Кешка запалил от очага смолевой факел и, густо коптя им, поднял над головой. Астанай лежал на спине. Увидев людей, он затревожился, силясь подняться.
— Кто?! Кто вы?! — В его глазах ширился неосмысленный страх, он замахал руками, продолжая бормотать что-то.
— Не узнал, ишь ты, — проговорил Кулак, сочувственно покачивая головой. — Это я, Хозяин, а со мной — Батя. Пришли навестить.
Воткнув в расщелину факел, Кешка приподнял голову Астаная и подсунул под нее котомку с пожитками. С лица Астаная сплыла растерянность, ее сменило жестокое спокойствие и любопытство. Теперь он с лихорадочным недоверием разглядывал этого здорового бородача в шинели, наброшенной на плечи, в серой, сбитой на затылок ушанке.

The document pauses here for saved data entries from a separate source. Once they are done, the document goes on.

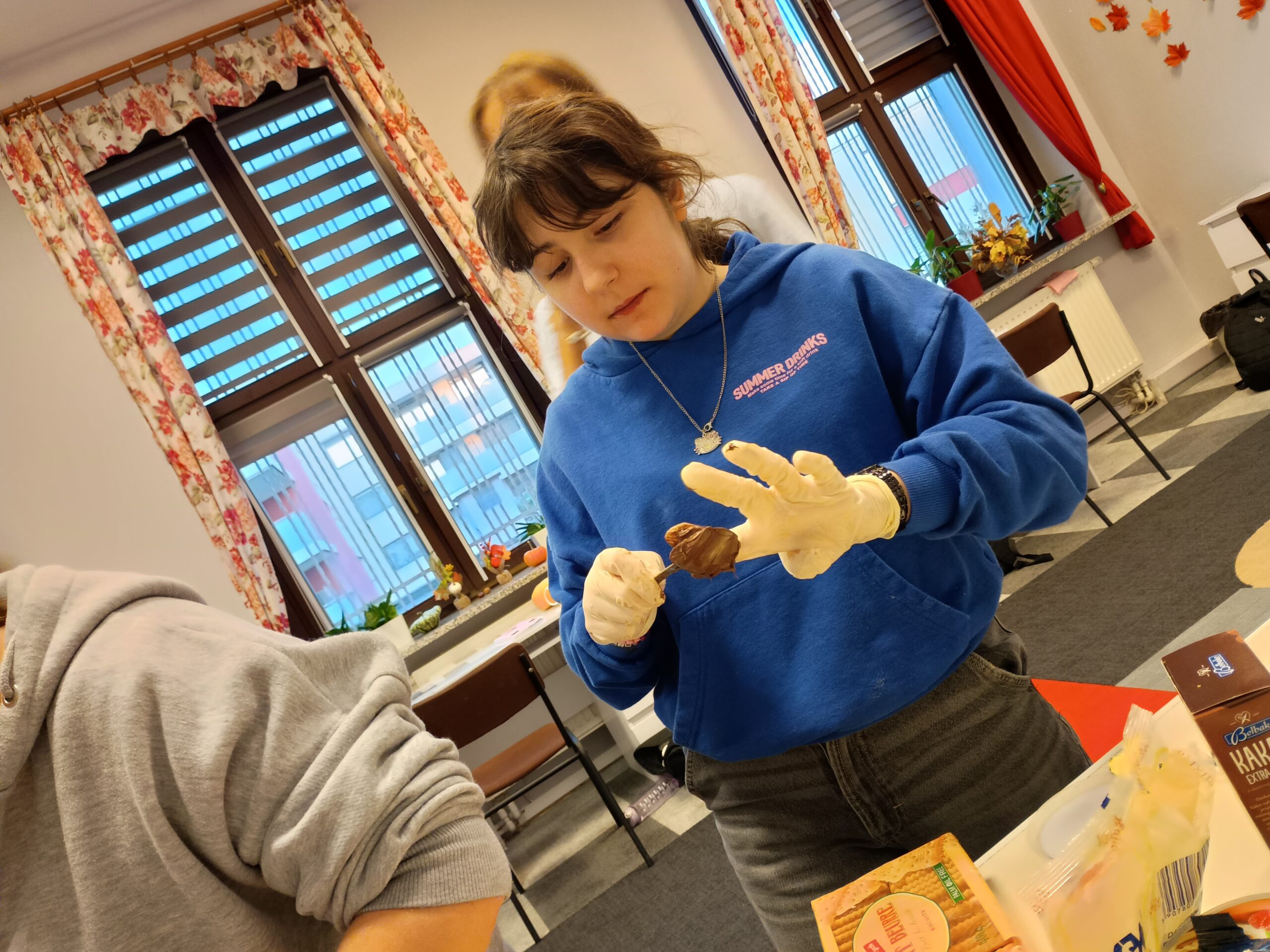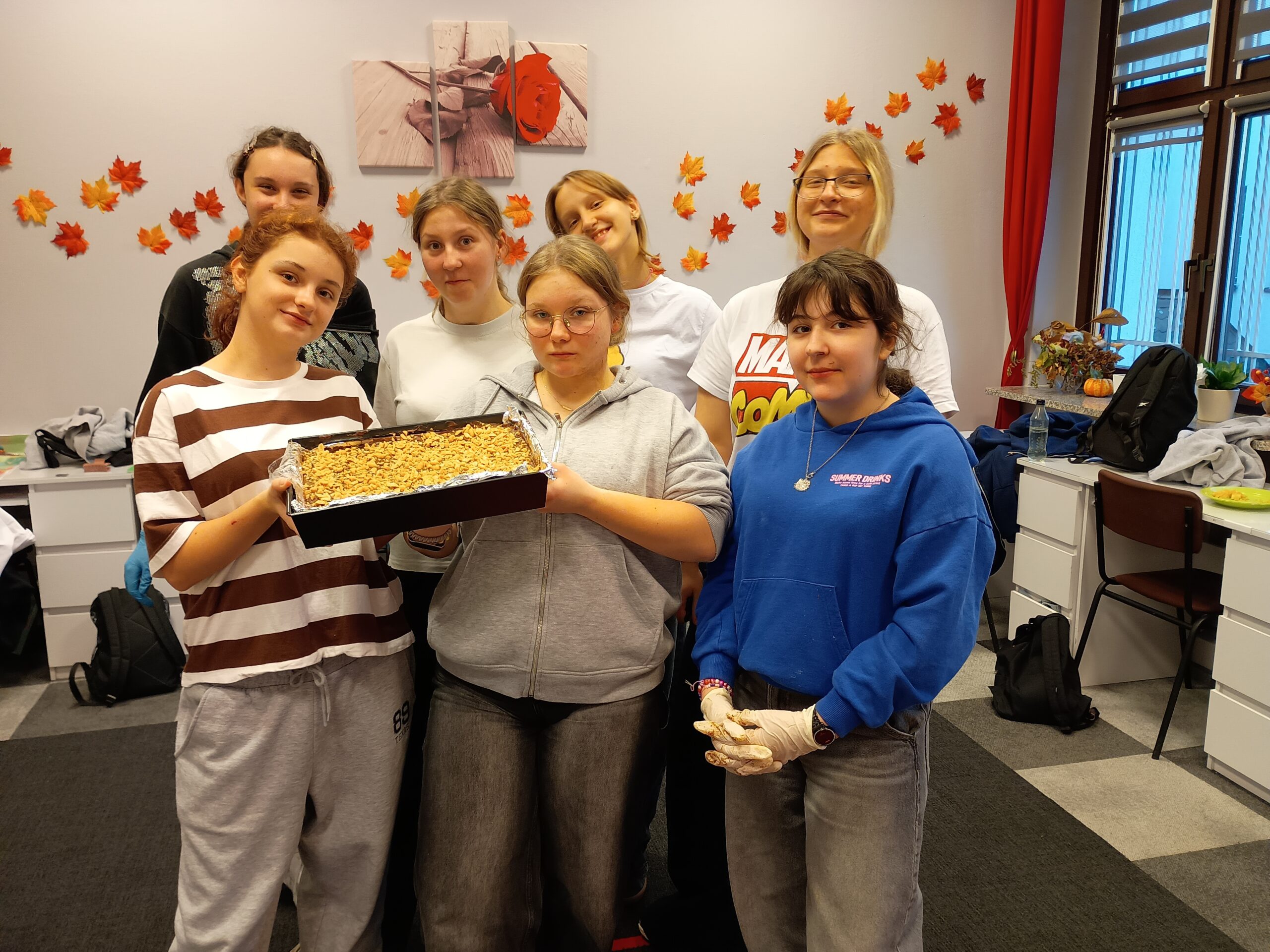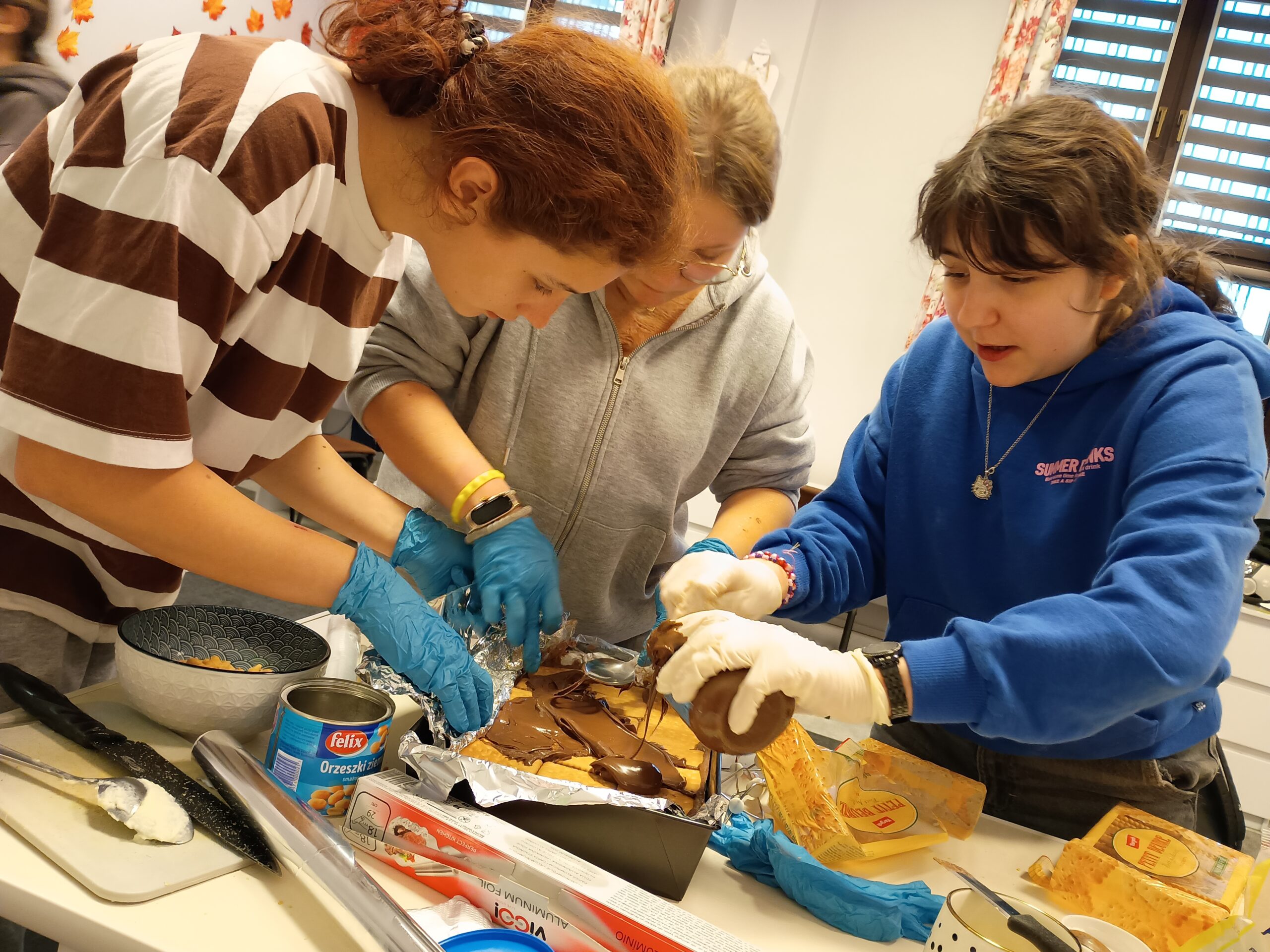 Po ukończeniu przygotowań ciasto zostało wstawione do lodówki, aby mogło się dobrze schłodzić i stężeć. Uczestniczki z niecierpliwością czekały na efekt swojej pracy, ciesząc się z dobrze wykonanych zadań. Zajęcia przyniosły dużo radości, integrowały grupę i pozwoliły dziewczętom rozwijać praktyczne umiejętności kulinarne w przyjaznej atmosferze. (E.S.)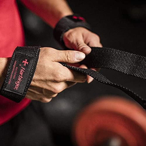 Harbinger padded cotton Lifting strap. La ayuda de agarre refuerza el agarre en la barra para que pueda levantar más peso. Soporta las manos, muñecas y antebrazos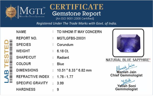 | Weight | 6.18 carat / 6.74 Ratti / 1.24 grams |
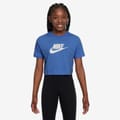 The Nike Futura cropped top is a casual essential featuring a crew neck and short sleeves. Designed with a regular fit, it showcases a large genie graphic print and a prominent logo embellishment, making it a standout piece in any wardrobe. -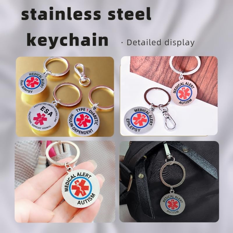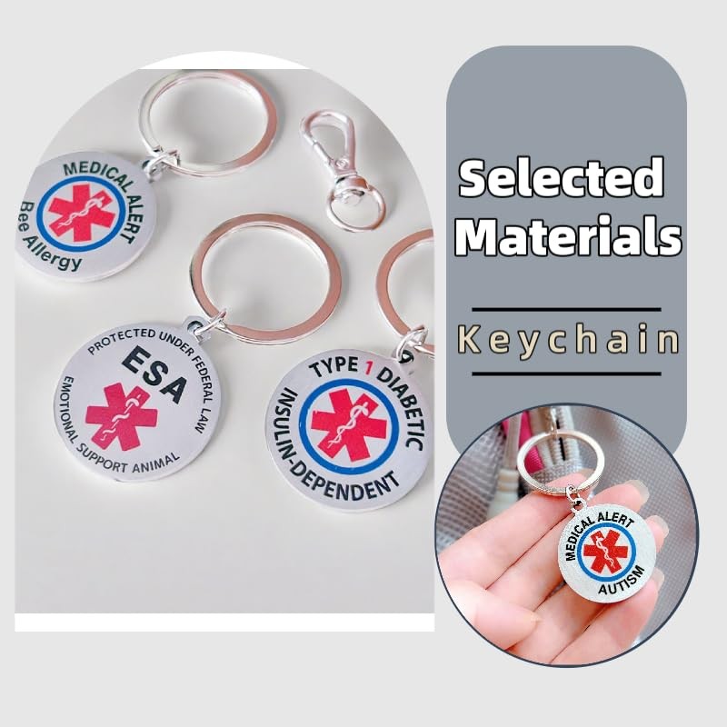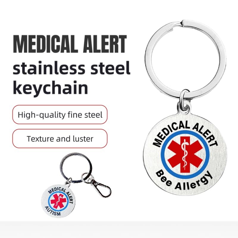 - Medical Alert Design: The key chain prominently displays a medical alert symbol, ensuring quick identification in emergencies.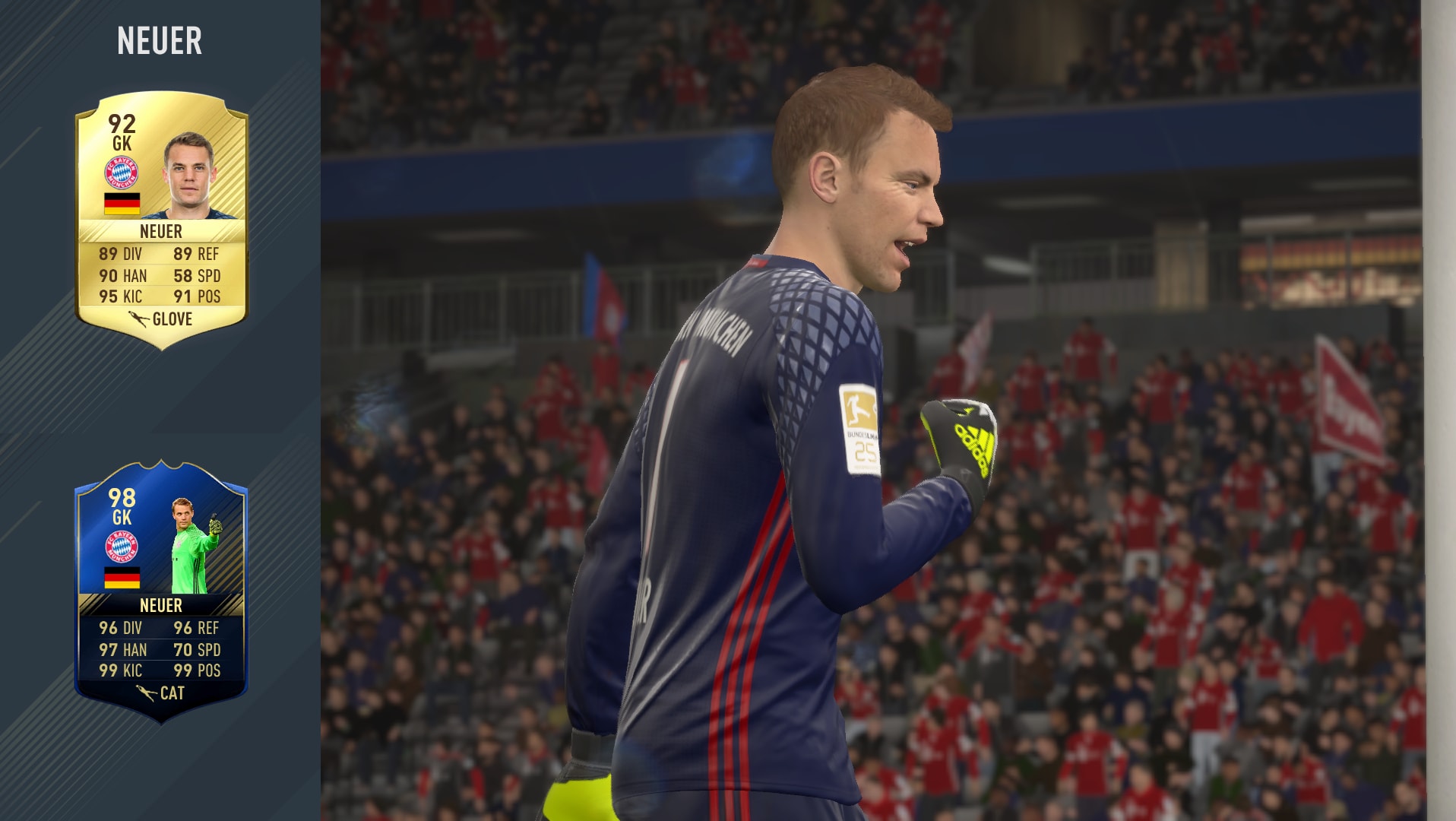 Neuer's standard card in FUT 17 is rated at 92 overall, making him the mode's best-rated non-inform keeper. If you're lucky, you might even be able to find a cheap 98 or 97-rated variant of the Bayern Munich star, awarded for Team of the Year and Team of the Season honours respectively over the course of the season. For those who pack him, expect to make around 100k from his standard card on the transfer market.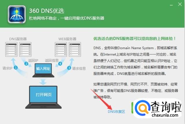 打开之后点击下面的dns恢复区。
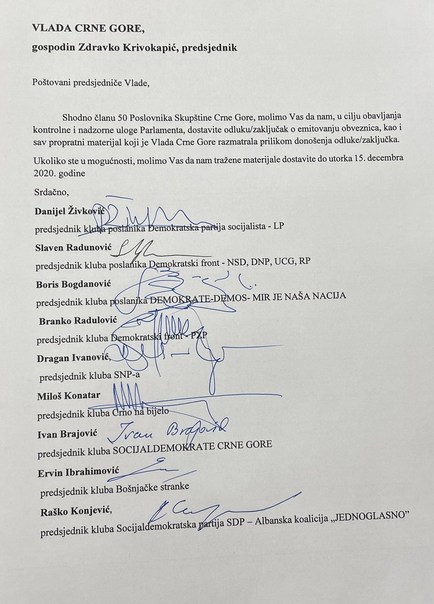 Predsjednici poslaničkih klubova u Skupštini Crne Gore obratili su se premijeru Zdravku Krivokapiću sa zahtjevom da im se, radi obavljanja kontrolne i nadzorne uloge Skupštine, dostavi odluka o emitovanju obveznica, kao i propratni materijal koji je razmatran prilikom donošenja odluke.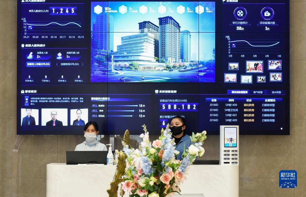 貴州省龍里縣中鐵國際生態城太陽谷5G全感知智能康養社區內的養老可視化平臺在運行中(5月23日攝)。新華社記者 劉續 攝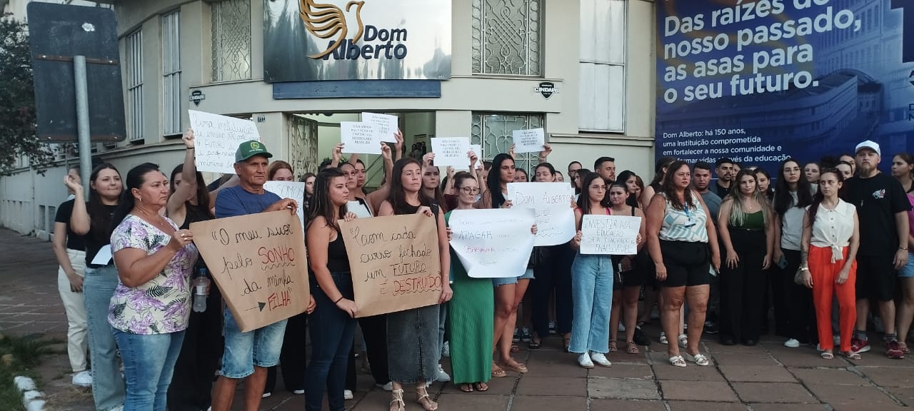 Na noite desta sexta-feira, 21, foi realizada uma movimentação em frente a Faculdade Dom Alberto, na unidade da Rua Ramiro Barcelos, em Santa Cruz do Sul. O motivo é o anúncio do encerramento das atividades em sete cursos presenciais na instituição.

— Вот ты какой, Ба-атя, — трудно выдохнув, прошептал Астанай. — Слухом слыхивал, а вот и... свиделись.
— Такой же, как все, Хозяин, — сказал Батя и присел на плашку возле очага. — Как это ты сплоховал.
— Бог наказал.
— Бог-то бог, да, как говорится, сам не будь плох. И ординарец твой, похоже, ушами прохлопал. — Упершись глазами в Кешку, Батя будто собирался сказать что-то еще, и только ему одному. — Давно надо было сюда перебираться, Хозяин, а ты все мешкал.
— То же самое говорил ему, — подтвердил Кулак.
— Чего толковать, бог есть бог, он знает, что делает...
Напрягаясь, Астанай, казалось, хотел что-то вспомнить, но память бездействовала. Он безмолвно разевал рот и глядел то на Батю, то на Кулака. Этот взгляд опять уже выражал душевное беспокойство и боль.
— А лекарь наш помогает? — спросил Батя.
— Чем он поможет? Где лекарство-то? — сказал Кешка.
— Это верно... — Батя поглядел на парня и нахмурился. — Не догадался: из госпиталя надо было прихватить лекарств. Много там этого добра без пользы пропадает. А вот где надо — полный дефицит. Так или нет?
— Не знаю, — промолвил Кешка без всякой охоты.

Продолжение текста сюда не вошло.